Treating Barrett’s esophagus: Watch and wait
Barrett’s esophagus is a relatively common condition in patients with gastroesophageal reflux disease (GERD). It occurs in 10-15 % of patients with GERD and carries with it an elevated risk of developing esophageal cancer.
The management of this condition is debated. The most common recommendation is for observation with repeated endoscopies as often as once every three years. The objective is to detect progression of the abnormality to a state with an even greater cancer risk, called dysplasia (low-grade and high-grade), or to an early cancer, where the chance of cure is better than if detected in an advanced stage.
Learn more: What to expect from an upper endoscopy
Radiofrequency ablation: A promising new approach
Rather than this “watch and wait” approach, other management strategies for Barrett’s esophagus have been developed. The most recent and promising is called radiofrequency ablation (sometimes referred to as RF ablation, or Halo). The procedure involves using very controlled radiofrequency energy to eliminate or “ablate” areas of Barrett’s that have developed in the normal lining of the esophagus. Once the Barrett’s tissue is eliminated, the normal lining of the esophagus regenerates over several months.
What happens during the RF ablation procedure?
The ablation is done under sedation, in conjunction with a standard endoscopy. After precisely locating the area of Barrett’s tissue, a sausage shaped balloon, 3cm in length and containing special electrodes, is inserted through the mouth, into the esophagus, and positioned in contact with the area of Barrett’s tissue. A short burst of energy, less than 1 second, is delivered to the balloon’s electrodes and the undesirable Barrett’s tissue is ablated. Several areas can be ablated at a single setting but most patients must return for one or more additional treatments to assure that all of the areas of Barrett’s have been ablated.
After the procedure, patients are given a prescription for twice daily PPIs to control the symptoms of reflux. The RF ablation procedure does not affect the symptoms of reflux. The patients return yearly for endoscopies to ensure Barrett’s does not return. If it does, the area can be retreated.
Learn more: A closer look at RF ablation
Is ablation safe?
RF ablation is generally a safe procedure if performed correctly. There is some chest discomfort for several days following treatment. Occasionally a stricturing or narrowing of the esophagus can occur that is reliably treated with a simple procedure called dilation. The greatest concern is that there could be Barrett’s tissue that is located deeper in the esophageal wall than what is ablated. When the normal esophageal lining grows back there is a theoretical possibility that some of that deeper Barrett’s tissue can lie beneath that new lining. The term for this is “buried glands.” This can be a potential problem since these glands cannot be seen through the endoscope, yet carry the cancer risk associated with Barrett’s. Research suggests that this occurs only rarely with RF ablation.
Is RF ablation effective?
Extensive research suggests that RF ablation either prevents or delays the progression of Barrett’s esophagus to more serious state, including cancer. However, all of the research studies recommend follow-up endoscopies at specific time intervals such as 6 months, 2 years, or 3 years. However, since experience with the procedure has been less than 20 years, sufficient evidence has not been gathered to conclusively prove that RF ablation prevents cancer. To date, the medical literature does indicate that RF ablation makes the development of cancer less likely. The caveat is that ablation must be performed by an experienced physician on patients who will reliably return for follow-up endoscopies and be retreated if indicated.
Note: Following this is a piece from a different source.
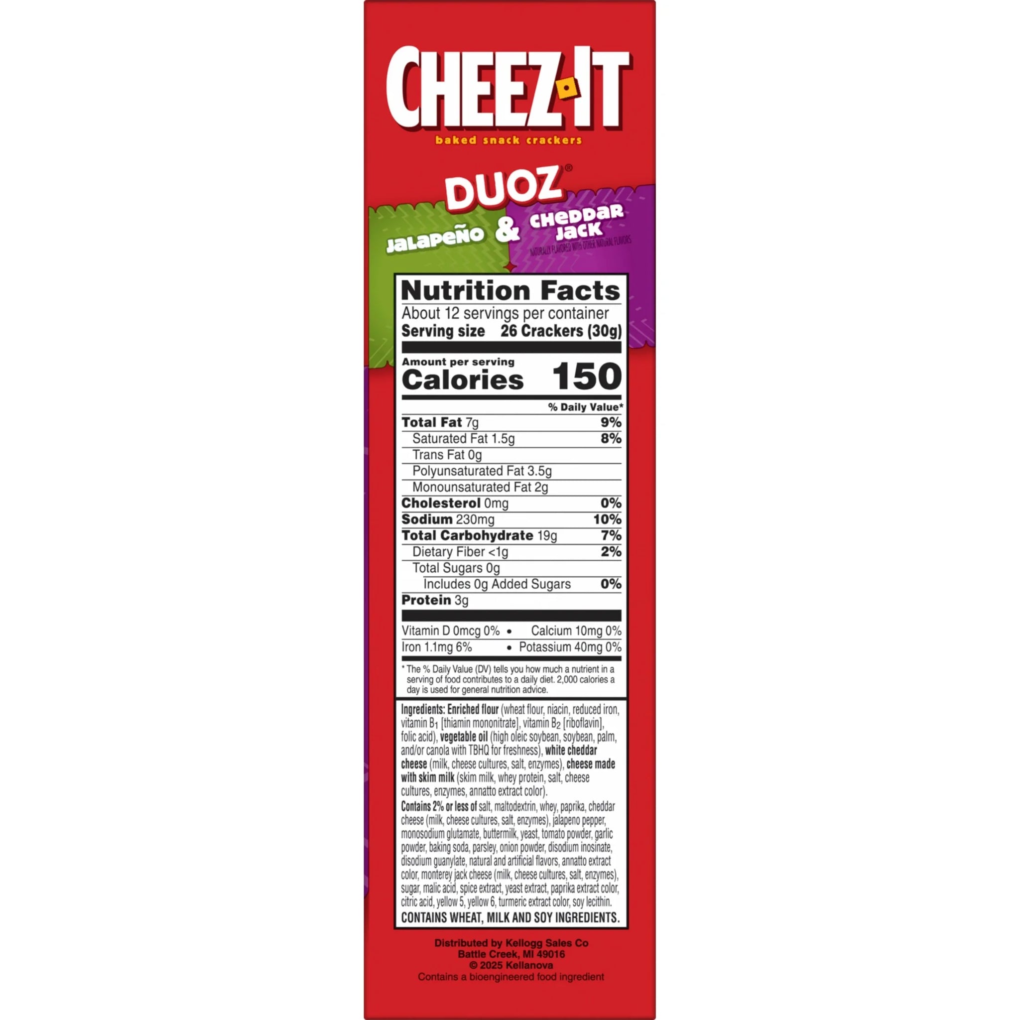 Two bold flavors combined in 1 Cheez-It Duoz box? It’s an outrageously craveable combo cheese lovers can’t resist. Cheez-It Duoz Jalapeño and Cheddar Jack baked snack crackers are made with 100% real cheese, carefully aged for a one-of-a-kind taste. Spicy jalapeño and bold cheddar jack flavors pack a crunch of cheesy goodness; Cheez-It Duoz baked snack crackers are a fan-favorite for game night, school snacks, party spreads, video gaming, and so much more. The cheesy options are endless! Go ahead and pick up a box of your favorite combo of cheesy snacks that’ll keep you coming back for more. Whether you're packing them in school lunches, taking some to the office, or enjoying them on a road trip, you'll find a delicious, crisp snack that's filled with big cheese flavor. You’ll love that one-of-a-kind cheesy taste in every bite of Cheez-It Duoz. Grab a handful of Cheez-It baked snack crackers and start munchin'. CONTAINS WHEAT, MILK AND SOY INGREDIENTS. Shelf-Stable.

When should RF ablation be offered?
The abnormality, Barrett’s esophagus, is the first step toward reflux-induced esophageal cancer. However, there are two additional steps that carry an even greater risk of cancer. These are called low-grade and high-grade dysplasia. The risk of cancer from Barrett’s esophagus is .5% per year or 2.5% over five years. If Barrett’s esophagus progresses to high-grade dysplasia, the risk of cancer over five years can be as high as 60%! The cancer risk for low-grade dysplasia lies somewhere in between.
It has been asserted that if a patient with Barrett’s undergoes routine endoscopies, progression to either low-grade or high-grade dysplasia will be detected and ablation treatment should be offered only at that time. Presently, there is a consensus that ablation should be recommended for high-grade dysplasia, somewhat encouraged for low-grade dysplasia, but not offered for Barrett’s esophagus without dysplasia. From a practical standpoint, this has resulted in insurance companies not covering RF ablation for Barrett’s esophagus.
If you are diagnosed with Barrett’s esophagus, it’s important that you understand the condition, the risk of cancer, and the management options available to you. Talk to your doctor if you think RF ablation might be right for you.